Underneath all of it is the trust signal. The organization that can verify its own progress is the one that can train; the one that cannot is just an expensive way to overfit a benchmark. The verifier this experiment needs is the ordinary kind — held-out tasks, reproduction, constraint gates — and we can build it, so whether a learning lab beats autoresearch is a question we can ask and answer now. What we cannot yet build is a verifier that certifies a discovery: an anchor as load-bearing as TwVP's coordinates, in a domain that hands you none for free. That is the deeper problem, and it sets the ceiling on how far any of this can climb, but it is what the experiment climbs toward rather than a wall in front of it.

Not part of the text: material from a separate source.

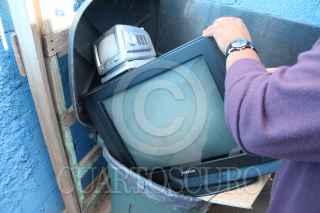 MÉXICO, D.F., 16DICIEMBRE2015.- Miles de personas tiran televisores ante el anunció del apagón analógico que se realizara en el Distrito Federal a partir de hoy las 00:00 hrs. FOTO: SAÚL LÓPEZ /CUARTOSCURO.COM

Autoresearch proved a fixed agent in a greedy loop can already find what a careful human missed. The open question is whether a lab that learns can find what a careful human couldn't — and whether we can ever know that it did.
References
- A. Karpathy, autoresearch, GitHub, March 2026. Single-agent loop over single-GPU nanochat training: edit, train for a fixed 5-minute budget, score on one metric, keep or revert, repeat unattended (~100 experiments/night).
- V. Tan, Why Post-Training Is Moving Toward On-Policy Distillation, May 2026. The "sequence-level RL on specialists, distillation as consolidation" template.

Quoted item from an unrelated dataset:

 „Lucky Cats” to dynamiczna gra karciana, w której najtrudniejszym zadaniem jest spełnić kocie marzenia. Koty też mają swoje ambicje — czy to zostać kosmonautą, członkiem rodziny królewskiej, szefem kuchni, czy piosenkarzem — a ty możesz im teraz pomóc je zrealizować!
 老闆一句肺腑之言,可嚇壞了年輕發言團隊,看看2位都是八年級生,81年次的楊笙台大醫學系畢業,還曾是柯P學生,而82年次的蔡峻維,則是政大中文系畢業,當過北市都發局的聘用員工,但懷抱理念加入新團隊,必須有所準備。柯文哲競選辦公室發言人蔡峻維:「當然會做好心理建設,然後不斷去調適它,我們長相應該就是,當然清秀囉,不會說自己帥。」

- F. Oliehoek & C. Amato, A Concise Introduction to Decentralized POMDPs, Springer, 2016. The Dec-POMDP formalism used here for the org-as-one-policy framing.
- Wortsman et al., Model Soups, 2022; Yadav et al., TIES-Merging, 2023; Ilharco et al., Task Arithmetic, 2023. Weight-space merging — the operation we deliberately avoid for the experts.

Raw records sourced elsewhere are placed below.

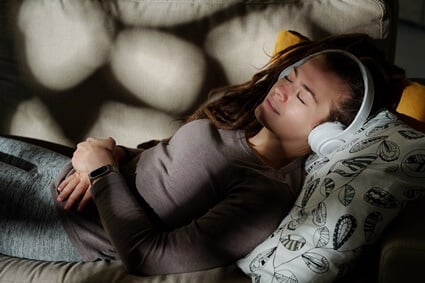 නින්දට පෙර සන්සුන් සංගීතයට සවන් දීමෙන් නින්දේ ගුණාත්මක භාවය වැඩිදියුණු කළ හැකි අතර නින්දට යාමට ගතවන කාලය අඩු කර ගත හැකි බව පර්යේෂණ මගින් පෙන්නුම් කර දීලා තිබෙනවා.
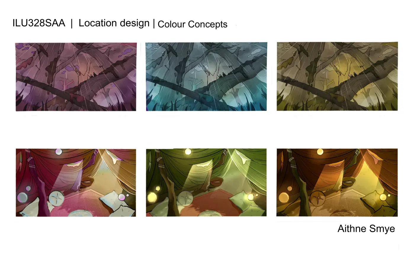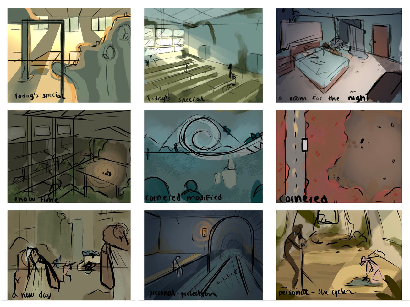 Early practice of visual development in college. I was tasked with designing characters based on shapes and later asked to further develop an environment surrounding the said characters.
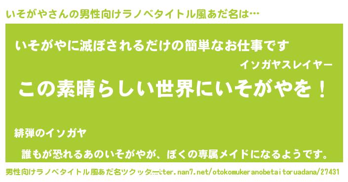 | 意味不明あだ名 | 『住所不定無職いそがや(3歳)』 |
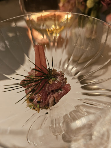 Read moreErg mooi kader en leuke ontvangst. De zaak roept om hoge standaarden maar er liep toch vrij veel mis. Champagne was erg lekker maar werd geserveerd in een wijnglas. Na een klein amuze toch een dik uur moeten wachten op onze voorgerechten. Deze waren goed maar zeker niet speciaal te noemen. Dan nog maar eens een dik uur wachten op het hoofdgerecht. Een cote a los geserveerd op een leisteen. Helaas veel te snel koud alsook de geschifte bearnaise die duidelijk terug was opgewarmd. Wijn werd pas halfweg ons maal opgenomen en geserveerd als onze eetlust voorbij was. De vrouwen aan tafel werd zelfs in hun haast geen glas wijn gegund. Door het wachten wel een extra glas champagne gekregen maar die fles stond al even open. Dessert hebben we dan maar geskipt om nog voor een ´huisgemaakt´ limoncellotje te gaan. Deze was echt sirooperig en niet koud genoeg. Mijn vrouwelijke tafelgenoot kreeg een muntthee. Was gewoon warm water met 4 muntblaadjes in. Dit werd wel recht gezet maar je merkt aan zowat alles dat hier nog veel werk aan de winkel is! De prijzen zijn vrij hoog en nogmaals het kader vraagt om klasse. Het was een aangename avond maar dan eerder met dank aan ons gezelschap. De teleurstelling in de rest was er wel... Kleine tip. De man met de snor zeker houden, heeft erg...

- GRPO — group-relative policy optimization (DeepSeek), used for critic-free specialist RL in Stage 0.
- Andrychowicz et al., Hindsight Experience Replay, 2017, for relabeling failed trajectories; Jiang et al., Prioritized Level Replay, 2021, for regret-based (positive value-loss) level selection. The "succeeds about half the time" learnability framing in §3 follows the learnability-sampling / ZPD line, not PLR's regret signal.
- DeepSeek, Thinking with Visual Primitives, April 2026 (analyzed in V. Tan, A Well-Worked Example of OPD, and Its Limits). Coordinate grounding as a manufactured verifiable trust signal; the on-policy-distillation drift problem on long horizons.
- Foerster et al., Counterfactual Multi-Agent Policy Gradients (COMA), 2018; Rashid et al., QMIX, 2018. Multi-agent credit assignment.
- A. Liu, A. Ho, et al. (OpenAI & Tacit Labs), LifeSciBench: Evaluating Language Models on Realistic, Expert-Level Tasks in the Life Sciences, 2026. Open-ended scientific tasks graded against expert-written rubrics: atomic per-criterion scoring, a partial-credit score plus a hard pass threshold, and rubrics validated by a cohort disjoint from the authors.